• **Work instruction**
Once you reach the line that holds "- 온라인 신청: 국립농산물품질관리원" in the listing below, output it and every line after it through the line that holds "內地娛樂經紀公司天浩盛世娛樂", word for word.

• **Data supplied**
=======

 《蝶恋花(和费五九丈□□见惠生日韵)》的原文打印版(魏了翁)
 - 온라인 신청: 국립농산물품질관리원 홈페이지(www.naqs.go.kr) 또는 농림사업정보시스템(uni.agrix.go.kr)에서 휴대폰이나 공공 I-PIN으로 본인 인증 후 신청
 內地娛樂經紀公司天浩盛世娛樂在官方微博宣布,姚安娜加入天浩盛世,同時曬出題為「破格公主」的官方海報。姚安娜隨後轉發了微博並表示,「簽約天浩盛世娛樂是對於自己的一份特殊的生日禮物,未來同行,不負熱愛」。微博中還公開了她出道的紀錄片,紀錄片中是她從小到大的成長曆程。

=======

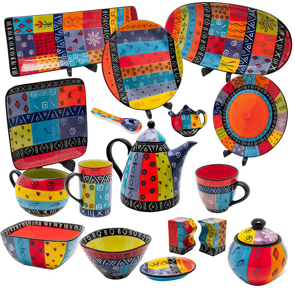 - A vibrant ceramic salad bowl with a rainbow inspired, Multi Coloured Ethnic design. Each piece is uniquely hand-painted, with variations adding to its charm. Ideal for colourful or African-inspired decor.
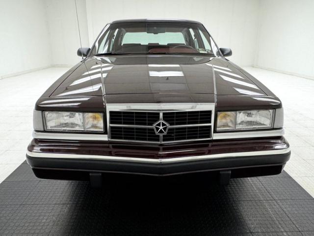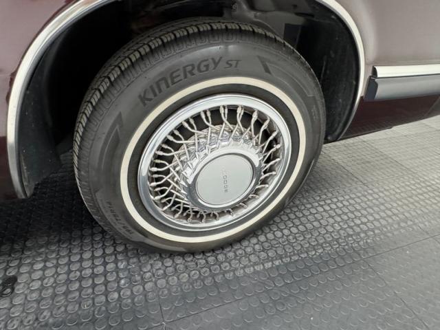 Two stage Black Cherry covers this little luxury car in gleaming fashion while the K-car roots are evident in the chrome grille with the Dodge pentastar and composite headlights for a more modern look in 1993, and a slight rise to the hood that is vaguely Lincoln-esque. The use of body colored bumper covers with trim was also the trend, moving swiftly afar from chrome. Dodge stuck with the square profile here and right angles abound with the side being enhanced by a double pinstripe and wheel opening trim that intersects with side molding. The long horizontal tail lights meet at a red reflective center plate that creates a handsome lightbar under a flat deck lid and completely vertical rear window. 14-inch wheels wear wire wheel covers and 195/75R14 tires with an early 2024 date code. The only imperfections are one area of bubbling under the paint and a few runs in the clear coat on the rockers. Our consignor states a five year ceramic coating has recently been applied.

=======

• **Response to this exercise**
 - 온라인 신청: 국립농산물품질관리원 홈페이지(www.naqs.go.kr) 또는 농림사업정보시스템(uni.agrix.go.kr)에서 휴대폰이나 공공 I-PIN으로 본인 인증 후 신청
 內地娛樂經紀公司天浩盛世娛樂在官方微博宣布,姚安娜加入天浩盛世,同時曬出題為「破格公主」的官方海報。姚安娜隨後轉發了微博並表示,「簽約天浩盛世娛樂是對於自己的一份特殊的生日禮物,未來同行,不負熱愛」。微博中還公開了她出道的紀錄片,紀錄片中是她從小到大的成長曆程。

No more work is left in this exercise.